Why do I need a bank guarantee

A bank guarantee is a type of contract between a bank and an individual that is formed in the event that the individual wishes to invest a certain sum of money in order to initiate business. The agreement stipulates that the bank will settle the debt of the individual and make a full payment to the seller in the event that the individual fails to make it.

For more information on bank guarantees and the payment solutions we can provide you with, visit our Bank Guarantee services page.

The basics of bank guarantees

This type of warranty from the bank allows individuals to apply for a loan or pay for goods and services to initiate business activity. This guarantee enables investors to build their business by utilizing goods and services that they can pay off at a later date, thus having the freedom to invest on a large scale. Ultimately the bank guarantee only covers a specific amount of funds that the investor and bank agrees on, with the contract outlining the time period that it will last for.
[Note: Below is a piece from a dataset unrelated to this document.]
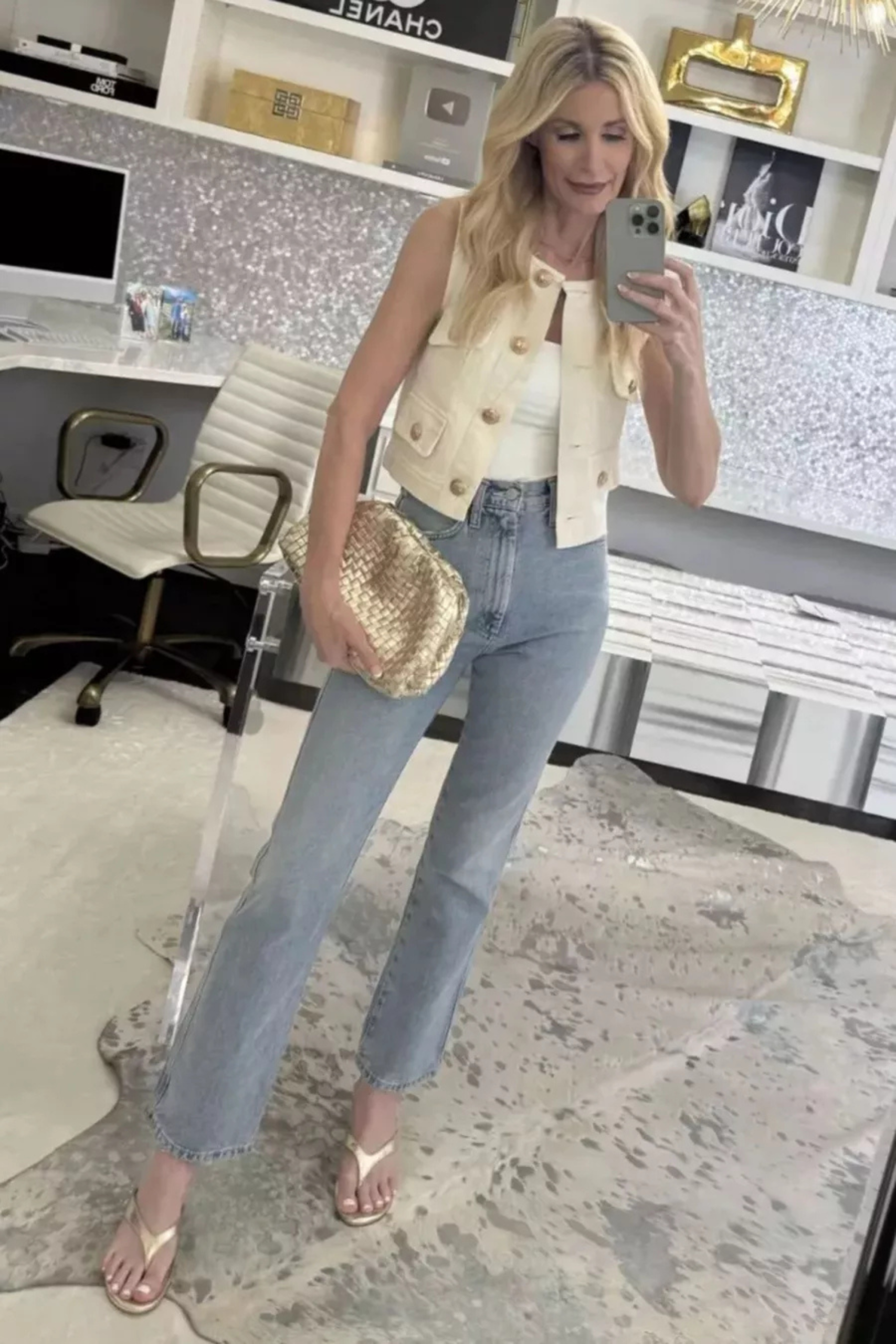 IVORY VEST (XS) // JEANS (24) // KITTEN HEELS – FOR LESS // HANDBAG

The bank guarantee acts as a contractual agreement between the investor and a third party, e.g. the seller, thus granting the investor a good credibility. This payment solution requires the investor to have good standing in terms of credibility, as the bank is likely to run a risk assessment.

The initial investment will require the individual to obtain a bank guarantee as it will provide the third party with the warranty that the investor will pay off their debt if they are unsuccessful in their business venture. To obtain the bank guarantee the bank will secure the amount of money sought by the applicant as security for the bank in the event that the applicant fails to meet their payments.